*** Extracted entries
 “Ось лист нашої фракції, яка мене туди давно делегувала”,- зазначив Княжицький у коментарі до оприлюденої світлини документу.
******
*** Extracted entries
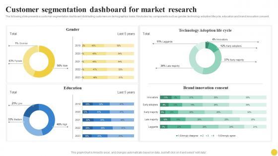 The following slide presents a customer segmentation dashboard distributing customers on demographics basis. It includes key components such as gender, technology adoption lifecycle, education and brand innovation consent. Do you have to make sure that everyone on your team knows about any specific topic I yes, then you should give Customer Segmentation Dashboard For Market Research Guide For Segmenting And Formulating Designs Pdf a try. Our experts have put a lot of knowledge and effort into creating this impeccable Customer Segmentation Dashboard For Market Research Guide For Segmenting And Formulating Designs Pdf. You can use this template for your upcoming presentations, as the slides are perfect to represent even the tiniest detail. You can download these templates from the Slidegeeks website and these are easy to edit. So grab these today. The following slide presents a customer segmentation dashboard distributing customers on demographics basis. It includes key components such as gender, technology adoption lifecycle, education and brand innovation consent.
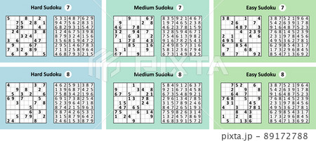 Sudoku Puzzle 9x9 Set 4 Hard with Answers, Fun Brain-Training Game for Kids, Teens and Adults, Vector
******
Copy everything above from the line holding "innovation consent. Do" down to the line holding "Sudoku Puzzle 9x9", both ends included, exactly as it stands and without the pictures.

 The following slide presents a customer segmentation dashboard distributing customers on demographics basis. It includes key components such as gender, technology adoption lifecycle, education and brand innovation consent. Do you have to make sure that everyone on your team knows about any specific topic I yes, then you should give Customer Segmentation Dashboard For Market Research Guide For Segmenting And Formulating Designs Pdf a try. Our experts have put a lot of knowledge and effort into creating this impeccable Customer Segmentation Dashboard For Market Research Guide For Segmenting And Formulating Designs Pdf. You can use this template for your upcoming presentations, as the slides are perfect to represent even the tiniest detail. You can download these templates from the Slidegeeks website and these are easy to edit. So grab these today. The following slide presents a customer segmentation dashboard distributing customers on demographics basis. It includes key components such as gender, technology adoption lifecycle, education and brand innovation consent.
 Sudoku Puzzle 9x9 Set 4 Hard with Answers, Fun Brain-Training Game for Kids, Teens and Adults, Vector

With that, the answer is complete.